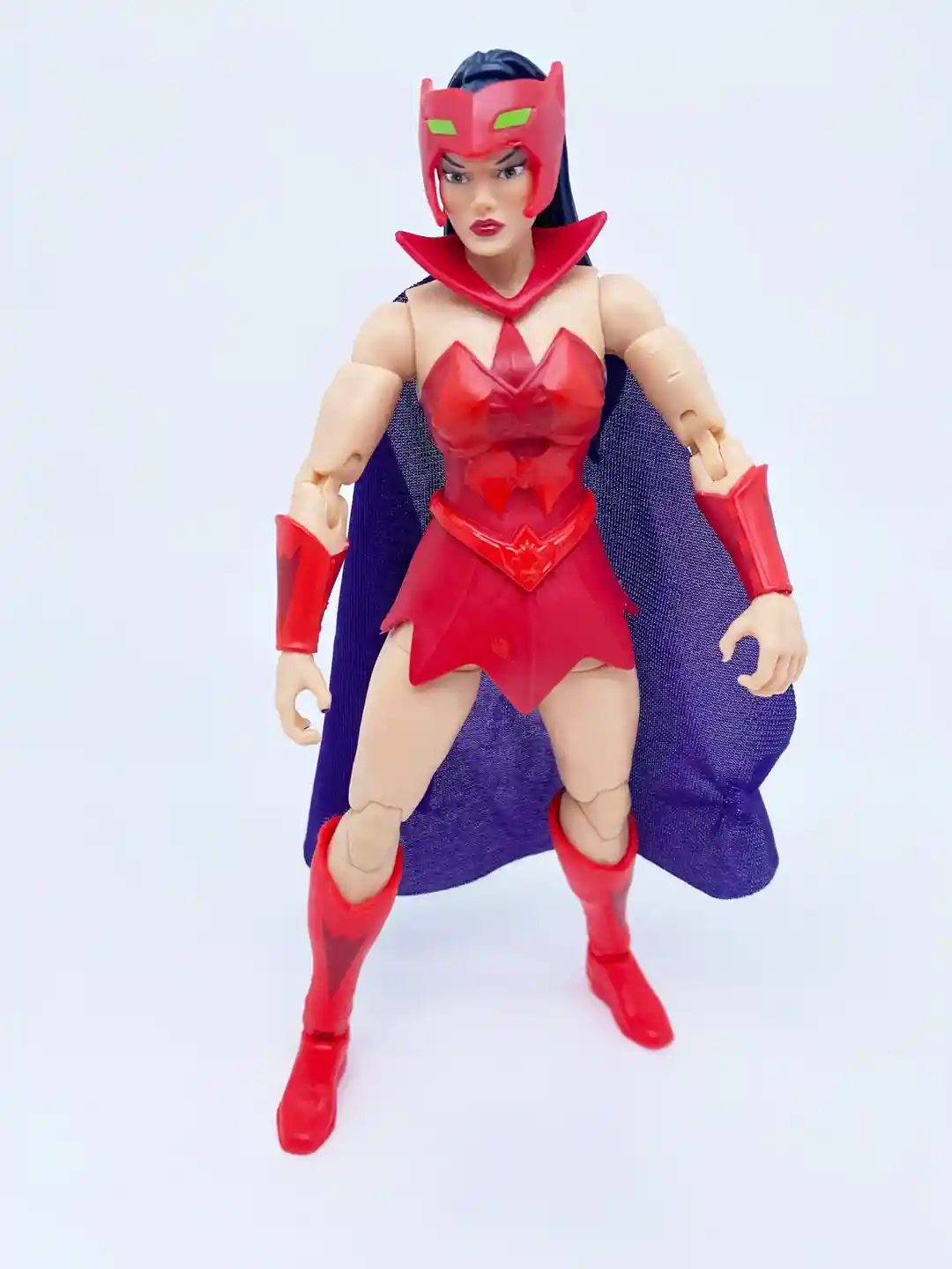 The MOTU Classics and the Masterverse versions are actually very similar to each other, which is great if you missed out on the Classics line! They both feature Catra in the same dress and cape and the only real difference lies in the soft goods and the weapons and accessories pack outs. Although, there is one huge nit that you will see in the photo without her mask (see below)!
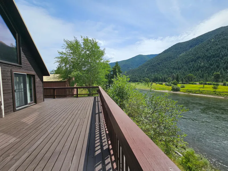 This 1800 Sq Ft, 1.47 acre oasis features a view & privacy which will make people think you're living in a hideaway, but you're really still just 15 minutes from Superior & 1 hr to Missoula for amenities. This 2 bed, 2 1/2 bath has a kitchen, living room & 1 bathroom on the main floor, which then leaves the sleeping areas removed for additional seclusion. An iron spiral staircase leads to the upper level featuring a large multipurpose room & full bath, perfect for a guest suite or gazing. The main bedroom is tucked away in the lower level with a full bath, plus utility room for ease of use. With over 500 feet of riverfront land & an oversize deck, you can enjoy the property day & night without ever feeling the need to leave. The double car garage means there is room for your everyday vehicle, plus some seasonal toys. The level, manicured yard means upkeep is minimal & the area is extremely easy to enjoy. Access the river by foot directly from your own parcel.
============
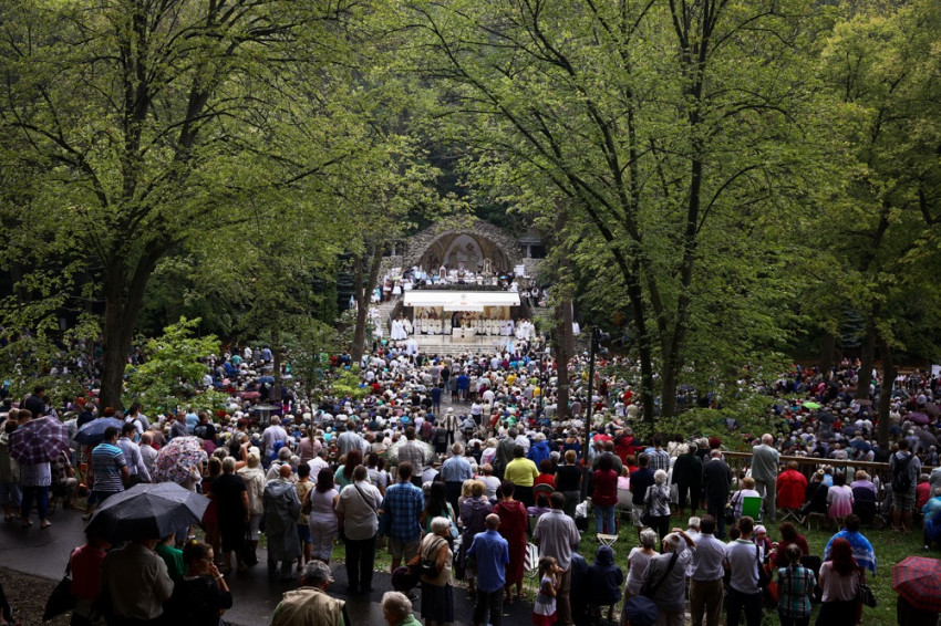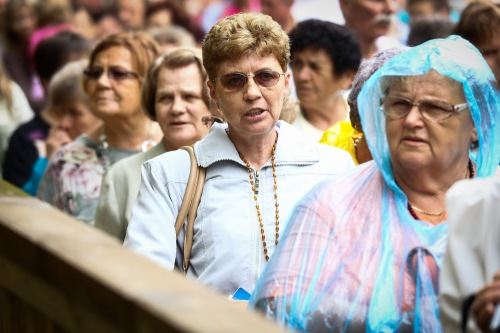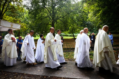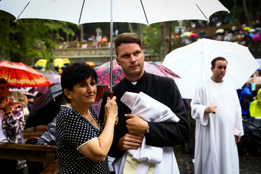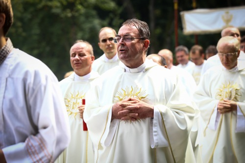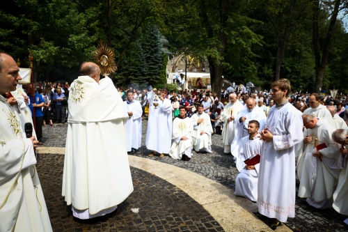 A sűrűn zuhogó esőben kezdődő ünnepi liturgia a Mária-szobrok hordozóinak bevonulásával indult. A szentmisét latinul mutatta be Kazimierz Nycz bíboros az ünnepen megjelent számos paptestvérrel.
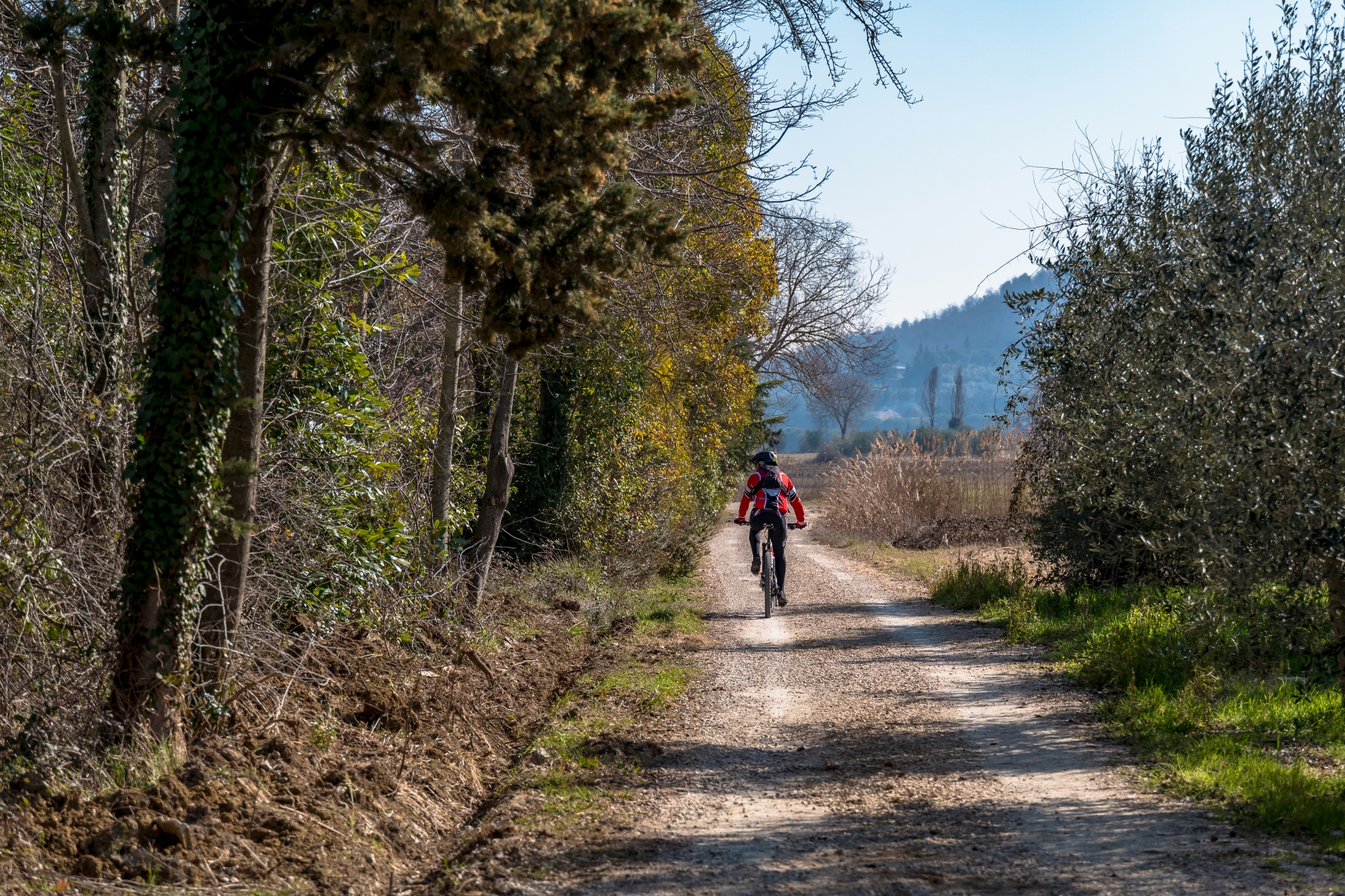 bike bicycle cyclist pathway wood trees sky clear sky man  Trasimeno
============
• **How to complete this task**: Reproduce the listing above only between the lines holding "The MOTU Classics" and "This 1800 Sq", inclusive. Every line must match exactly, and pictures are dropped.

• **Solution to this exercise**:
 The MOTU Classics and the Masterverse versions are actually very similar to each other, which is great if you missed out on the Classics line! They both feature Catra in the same dress and cape and the only real difference lies in the soft goods and the weapons and accessories pack outs. Although, there is one huge nit that you will see in the photo without her mask (see below)!
 This 1800 Sq Ft, 1.47 acre oasis features a view & privacy which will make people think you're living in a hideaway, but you're really still just 15 minutes from Superior & 1 hr to Missoula for amenities. This 2 bed, 2 1/2 bath has a kitchen, living room & 1 bathroom on the main floor, which then leaves the sleeping areas removed for additional seclusion. An iron spiral staircase leads to the upper level featuring a large multipurpose room & full bath, perfect for a guest suite or gazing. The main bedroom is tucked away in the lower level with a full bath, plus utility room for ease of use. With over 500 feet of riverfront land & an oversize deck, you can enjoy the property day & night without ever feeling the need to leave. The double car garage means there is room for your everyday vehicle, plus some seasonal toys. The level, manicured yard means upkeep is minimal & the area is extremely easy to enjoy. Access the river by foot directly from your own parcel.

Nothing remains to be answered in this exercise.